Penjaga Gerbang yang Tak Pernah Tidur
“Penjaga Gerbang yang Tak Pernah Tidur”
---
Bab 1: Gerbang yang Tidak Menuju Ke Mana-Mana
Di puncak paling tinggi dari Pegunungan Skath, berdirilah sebuah gerbang kuno dari batu biru kehijauan. Tak ada jalan menuju ke sana, dan tak ada jalan keluar dari sana. Gerbang itu berdiri sendiri — seolah-olah dibangun oleh waktu, bukan oleh tangan manusia.
Setiap hari, hujan turun. Setiap malam, bintang menolak bersinar di atasnya. Dan di hadapan gerbang itu berdirilah seorang pria — diam, tegap, dan abadi. Namanya: Maelis.
Tidak ada yang tahu sejak kapan ia di sana. Tapi legenda mengatakan: selama Maelis berjaga, dunia akan tetap seimbang. Jika ia tertidur… gerbang akan terbuka. Dan sesuatu yang tak boleh masuk akan kembali.
---
Bab 2: Anak Perempuan dari Lembah Ketujuh
Di sebuah desa kecil di lembah bawah, tinggallah seorang anak perempuan bernama Aneth. Ia tumbuh tanpa ayah, tanpa cerita, hanya dengan ibunya yang bisu. Setiap malam, Aneth memimpikan sosok pria tinggi yang berdiri di hadapan gerbang. Ia tidak tahu mengapa wajah itu terasa... familiar.
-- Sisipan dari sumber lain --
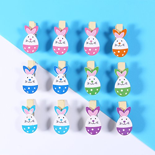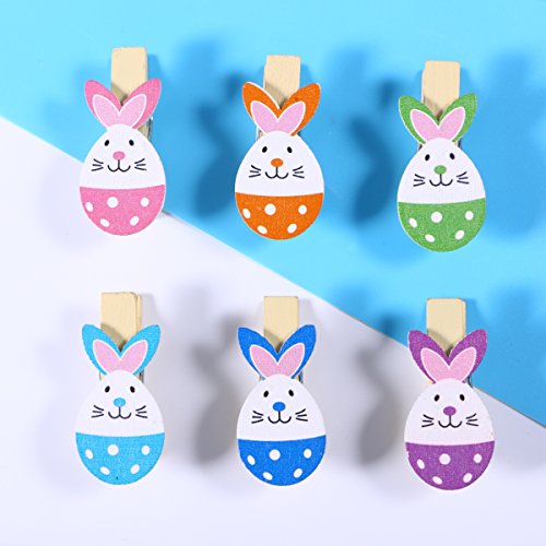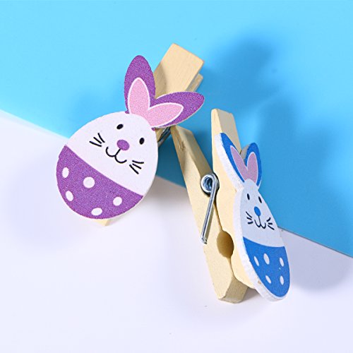 - Cute Easter Bunny Eggs Rabbit Colored Wooden Photo Clip Holder Picture Hanging Clips Clothes Pegs with Jute Twine as Easter Party Supplies Hanging Decoration Ornaments or Easter Party Favors Gifts.

Ketika ia bertanya pada pendeta desa, sang pendeta gemetar dan berkata, “Itu bukan mimpi. Itu warisan darahmu.”
Dan Aneth pun tahu: ia harus pergi ke gerbang.
---
Bab 3: Perjalanan Tanpa Jejak
Perjalanan menuju gerbang tak bisa dilalui dengan peta. Ia harus menyeberangi Hutan Bayang, mendaki Bukit Lupa, dan menyeberangi Danau Tanpa Permukaan.
Setiap langkah Aneth diiringi suara-suara: bisikan keraguan, jeritan ketakutan, rayuan untuk kembali.
Tapi ia melanjutkan. Karena sesuatu dalam dirinya berkata: Seseorang di sana menunggu untuk digantikan.
---
Bab 4: Pertemuan yang Tak Pernah Ditakdirkan
Ketika Aneth akhirnya tiba di hadapan Maelis, pria itu menatapnya sejenak — matanya seperti sungai beku yang menahan banjir selama ribuan tahun.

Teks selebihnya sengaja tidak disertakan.